Do current techniques make it possible to satisfy all three criteria?
Randomization and generalization techniques each have advantages and disadvantages with respect to each criterion (see article 2). The evaluation of the performance of meeting the criteria for several anonymization techniques is represented in Figure 3. It comes from the Opinion published by the former G29 on anonymization techniques.
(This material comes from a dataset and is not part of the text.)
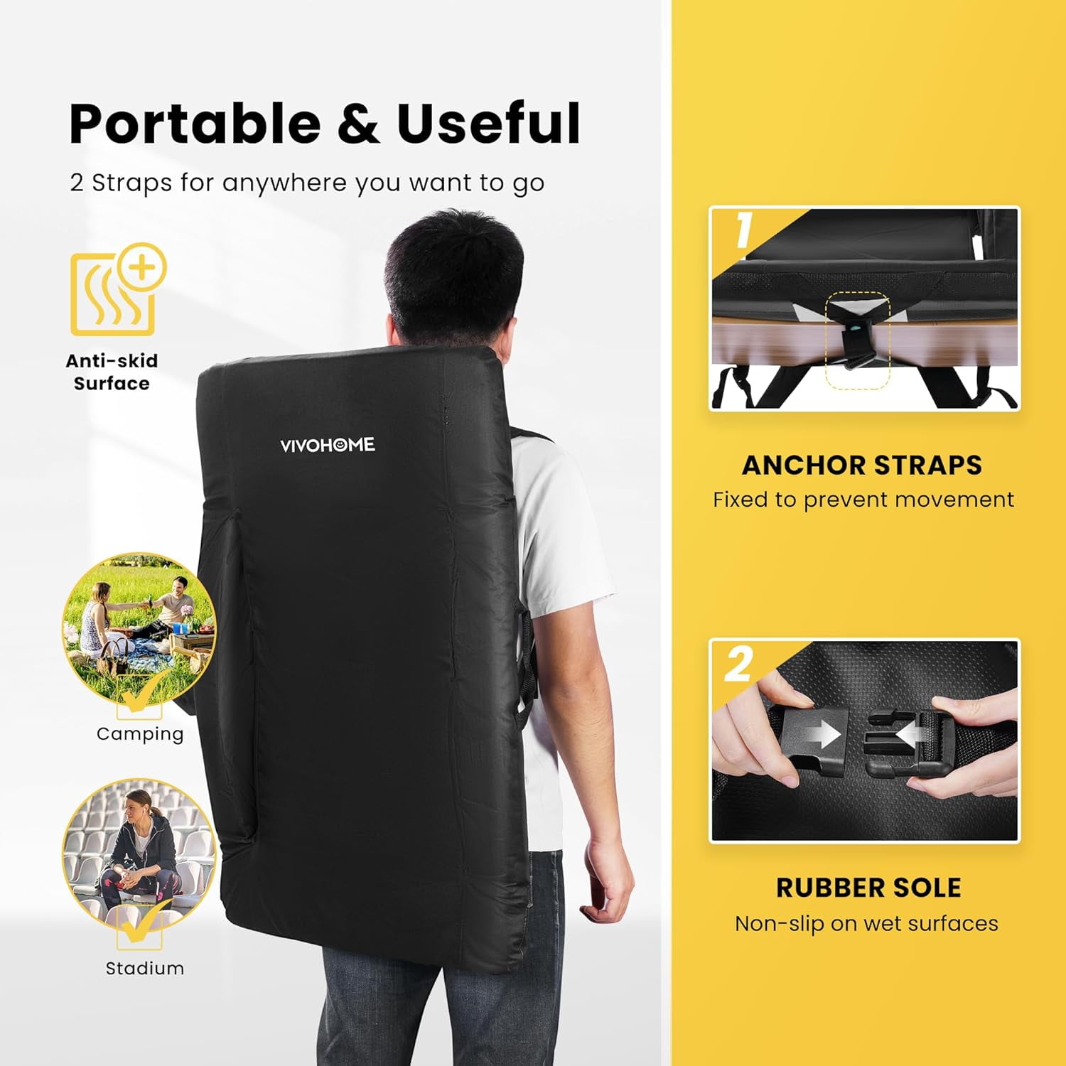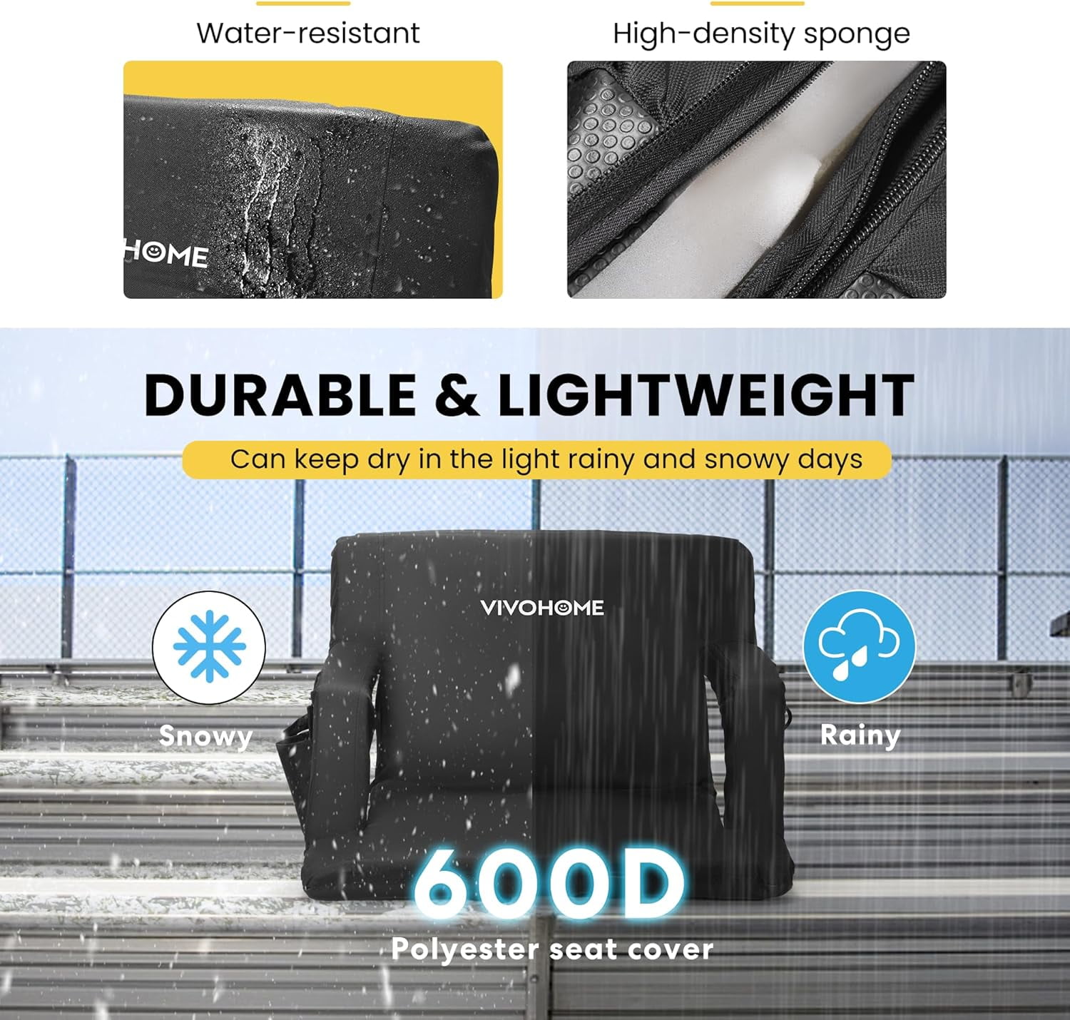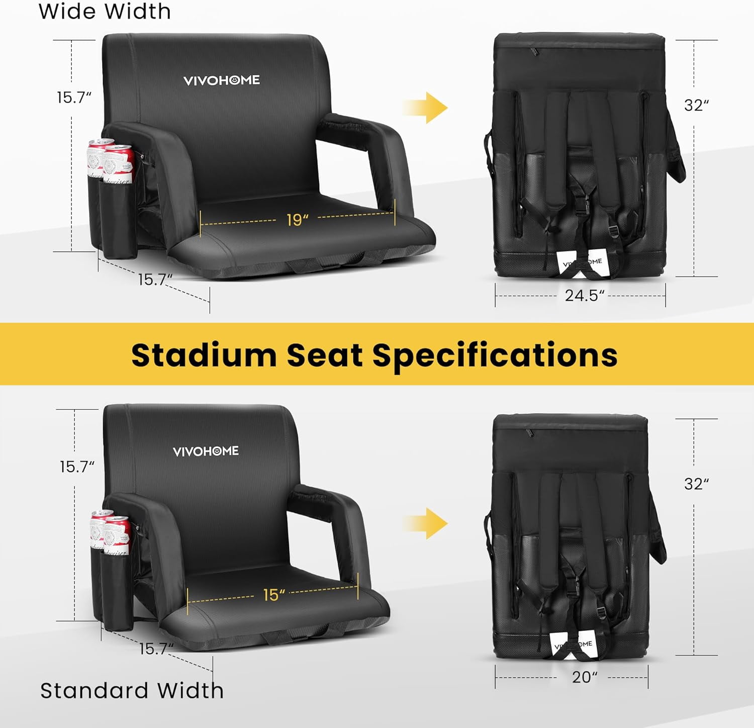 DURABLE & LIGHTWEIGHT – Made of a lightweight steel frame, high-density sponge, and 600D water-resistant oxford cloth seat cover, this SPECSTAR stadium seat is wear-proof, comfortable, and durable to use; The weatherproof surface is also easy to clean and maintain that can keep dry in the light rain and snow days; PLEASE NOTE: THE ITEM QUANTITY IS ONE INSTEAD OF TWO, THE PICTURE SHOWS SOMETHING WRONGLY DUE TO A SYSTEM BUG COMFORTABLE & CONVENIENT – The chair is 24.5” extra wide seat with thickened foam padded cushion, back support, and armrests, which is a perfect tool for indoor and outdoor activities; Features multiple pockets include 2 round side pockets, 2 zipper pockets, and 1 elastic side pocket, and different pockets have different uses, such as putting cold drinks and your phone ADJUSTABLE POSITIONS – There are 6 different reclining degrees to adjust based on your need, including 90°, 105°, 130°, 145°, 160°, and 180°; Adjust the seat position by pushing the seat past the forward-most position and then push it all the way back for a flat position; The armrests are also adjustable, they can invert to increase the width if you prefer a wider seat ANTI-SKID SURFACE – Designed with a rubberized bottom and anchor straps to attach to the bleacher, this stadium seat resists slippery even on wet surfaces so as to make a secure place to sit; The 2 straps can also be used as shoulder straps to carry the chair on the back, which is convenient to take it with you PORTABLE & USEFUL – When you want to carry it, you only need to press the backrest 6 times and then stretch it flat, and the seat can be packed as a backpack for taking; It is ideal for watching professional sports games, and also great for parties, concerts, picnics, and so on
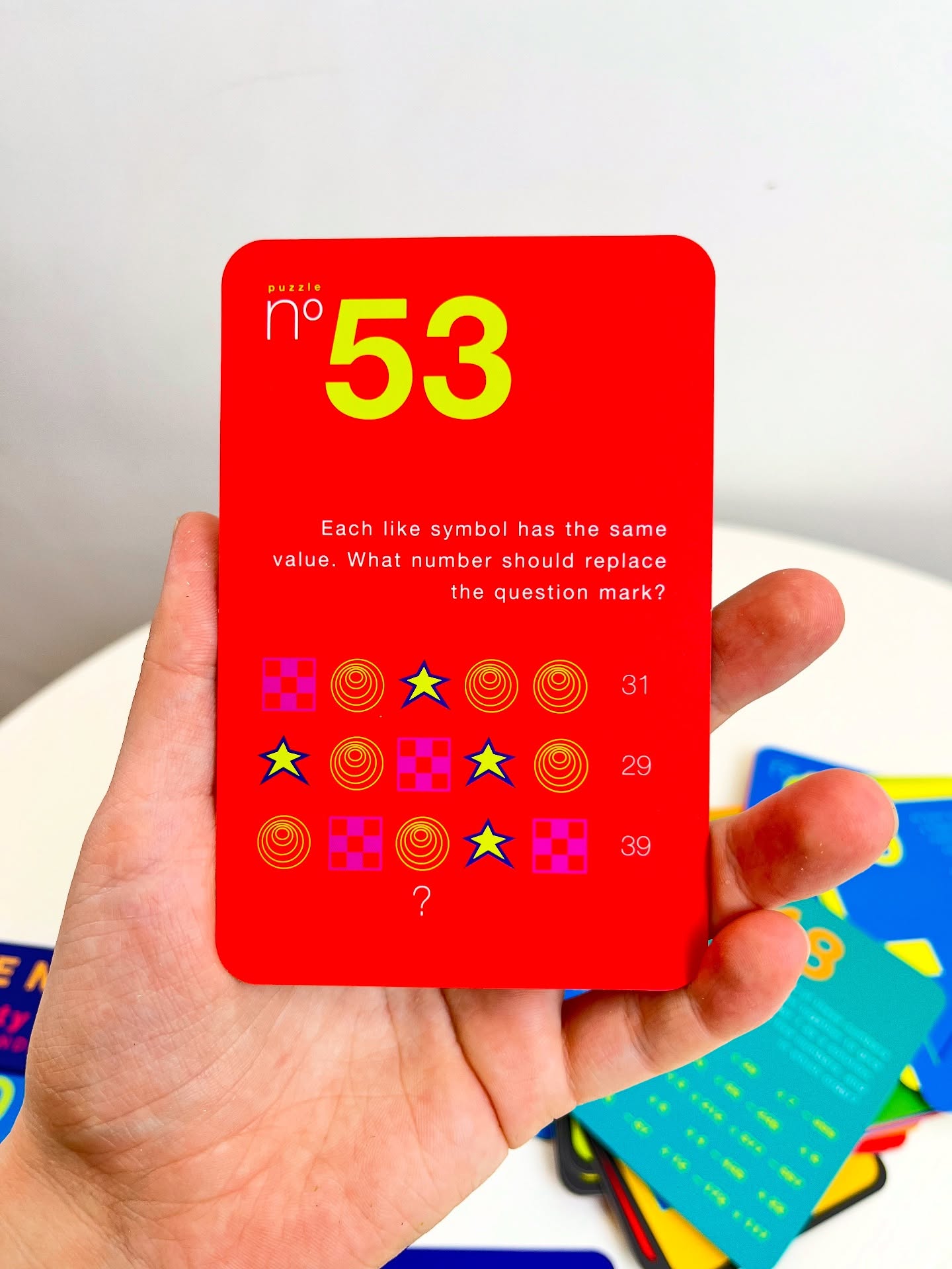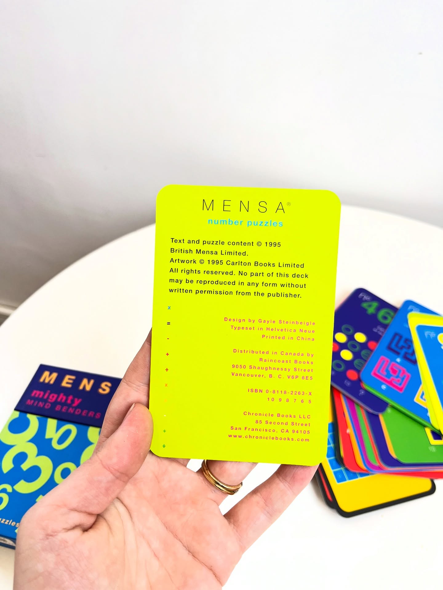 Cards em inglês com 75 desafios numéricos. De 1995. Leves marcas de tempo e uso.

Figure 3: Strengths and weaknesses of the techniques considered
It is clear that none of these techniques exists that allows the 3 criteria to be met simultaneously. They must therefore be used with caution in their most favorable context of use. Beyond the methods evaluated, anonymous synthetic data seems to be a promising alternative to satisfy all 3 criteria. However, methodologies for producing synthetic data must face the difficulty of providing proof of this protection. At present, all summary data generation solutions are based on the principle of Plausible deniability to prove the protection associated with a data. In other words, if synthetic data were by chance to resemble original data, the defense consists in announcing that under such circumstances, it is impossible to prove that this synthetic data is linked to original data. At Octopize, we have developed a unique methodology to produce anonymous synthetic data while quantifying and providing proof of the protection provided. This evaluation is carried out through metrics developed specially to measure the satisfaction of the criteria, namely you will have understood it, the individualization, the correlation and the inference. We'll expand on the topic of metrics for evaluating the quality and security of synthetic data in more detail in another article.